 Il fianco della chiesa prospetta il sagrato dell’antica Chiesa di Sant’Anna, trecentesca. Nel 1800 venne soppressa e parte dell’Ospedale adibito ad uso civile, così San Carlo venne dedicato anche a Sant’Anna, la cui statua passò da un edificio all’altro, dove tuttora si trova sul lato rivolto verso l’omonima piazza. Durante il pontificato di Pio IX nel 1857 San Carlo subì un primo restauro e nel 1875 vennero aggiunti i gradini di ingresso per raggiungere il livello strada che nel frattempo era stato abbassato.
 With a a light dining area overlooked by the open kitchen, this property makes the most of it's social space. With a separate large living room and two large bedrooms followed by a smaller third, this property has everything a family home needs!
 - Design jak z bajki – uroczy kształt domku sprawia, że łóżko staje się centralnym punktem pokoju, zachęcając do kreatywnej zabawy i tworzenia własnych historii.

* * *

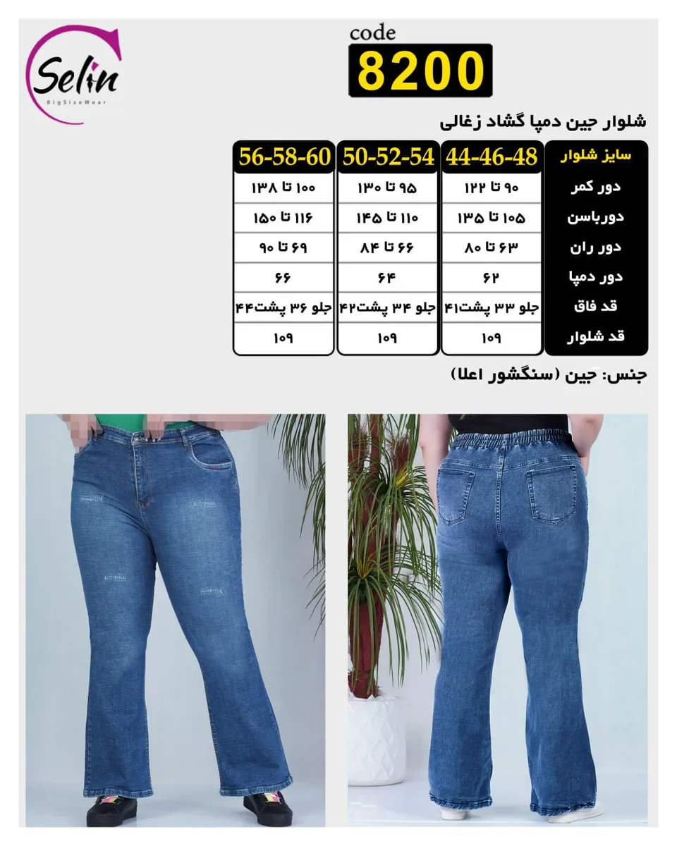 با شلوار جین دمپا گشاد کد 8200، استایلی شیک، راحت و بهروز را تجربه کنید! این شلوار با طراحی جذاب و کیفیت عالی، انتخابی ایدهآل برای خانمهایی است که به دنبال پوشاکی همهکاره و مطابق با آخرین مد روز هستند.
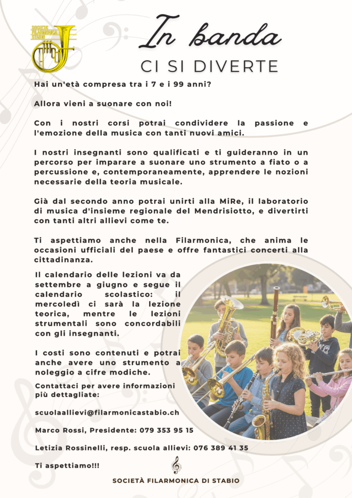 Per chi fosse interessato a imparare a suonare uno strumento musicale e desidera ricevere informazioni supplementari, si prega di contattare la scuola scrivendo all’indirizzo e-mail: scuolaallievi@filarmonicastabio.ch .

## [Aim of the exercise]
Copy, exactly and only, the lines above that begin with the one containing "Il fianco della" and finish with the one containing "- Design jak".

## [Exercise output]
 Il fianco della chiesa prospetta il sagrato dell’antica Chiesa di Sant’Anna, trecentesca. Nel 1800 venne soppressa e parte dell’Ospedale adibito ad uso civile, così San Carlo venne dedicato anche a Sant’Anna, la cui statua passò da un edificio all’altro, dove tuttora si trova sul lato rivolto verso l’omonima piazza. Durante il pontificato di Pio IX nel 1857 San Carlo subì un primo restauro e nel 1875 vennero aggiunti i gradini di ingresso per raggiungere il livello strada che nel frattempo era stato abbassato.
 With a a light dining area overlooked by the open kitchen, this property makes the most of it's social space. With a separate large living room and two large bedrooms followed by a smaller third, this property has everything a family home needs!
 - Design jak z bajki – uroczy kształt domku sprawia, że łóżko staje się centralnym punktem pokoju, zachęcając do kreatywnej zabawy i tworzenia własnych historii.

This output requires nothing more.